++++ Records supplied ++++

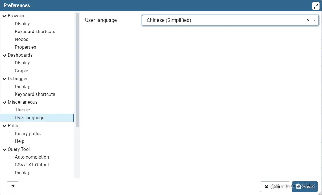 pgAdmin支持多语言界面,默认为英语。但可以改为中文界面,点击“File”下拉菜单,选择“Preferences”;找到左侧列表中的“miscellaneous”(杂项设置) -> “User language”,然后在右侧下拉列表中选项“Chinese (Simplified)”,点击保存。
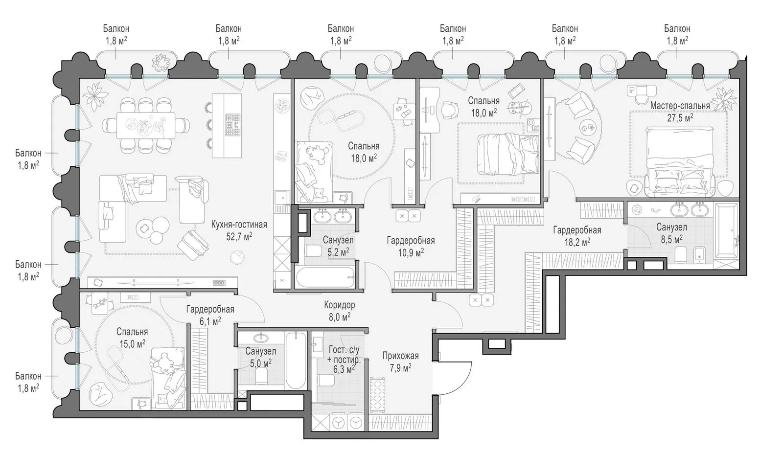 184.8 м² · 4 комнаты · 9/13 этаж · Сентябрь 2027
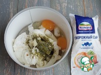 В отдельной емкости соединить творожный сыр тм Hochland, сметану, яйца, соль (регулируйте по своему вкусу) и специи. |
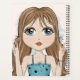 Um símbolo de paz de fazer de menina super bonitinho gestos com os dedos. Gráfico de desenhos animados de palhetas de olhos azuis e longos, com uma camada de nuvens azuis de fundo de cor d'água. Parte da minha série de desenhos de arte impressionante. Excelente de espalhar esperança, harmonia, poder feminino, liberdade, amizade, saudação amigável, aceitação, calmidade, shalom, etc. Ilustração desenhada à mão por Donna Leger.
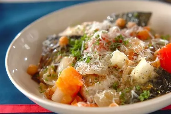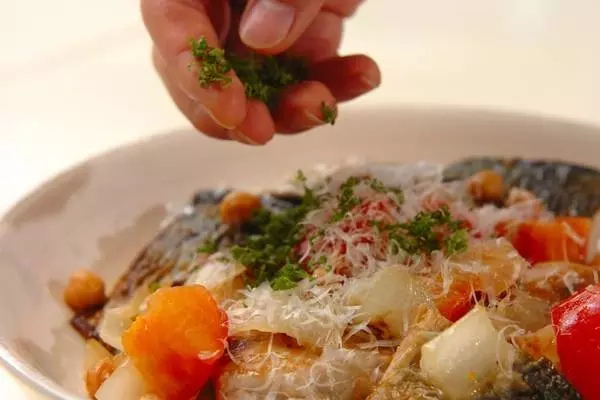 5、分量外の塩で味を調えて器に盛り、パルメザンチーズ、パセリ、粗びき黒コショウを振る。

++++
++++ Records supplied ++++

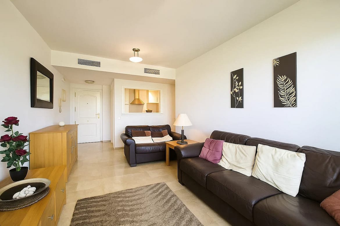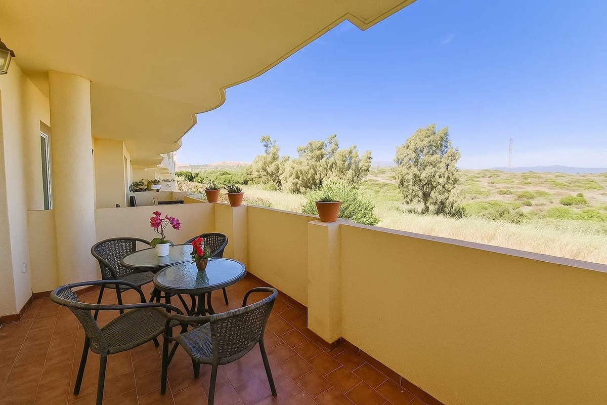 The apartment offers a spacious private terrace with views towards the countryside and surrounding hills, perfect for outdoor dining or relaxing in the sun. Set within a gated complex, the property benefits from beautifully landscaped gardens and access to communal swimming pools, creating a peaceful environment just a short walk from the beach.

++++

* _Assigned task_
Every line above between the one containing "184.8 м² · 4" and the one containing "5、分量外の塩で味を調えて器", those two included, is to be printed exactly. No pictures go into the copy.

* _Solution to the problem_
 184.8 м² · 4 комнаты · 9/13 этаж · Сентябрь 2027
 В отдельной емкости соединить творожный сыр тм Hochland, сметану, яйца, соль (регулируйте по своему вкусу) и специи. |
 Um símbolo de paz de fazer de menina super bonitinho gestos com os dedos. Gráfico de desenhos animados de palhetas de olhos azuis e longos, com uma camada de nuvens azuis de fundo de cor d'água. Parte da minha série de desenhos de arte impressionante. Excelente de espalhar esperança, harmonia, poder feminino, liberdade, amizade, saudação amigável, aceitação, calmidade, shalom, etc. Ilustração desenhada à mão por Donna Leger.
 5、分量外の塩で味を調えて器に盛り、パルメザンチーズ、パセリ、粗びき黒コショウを振る。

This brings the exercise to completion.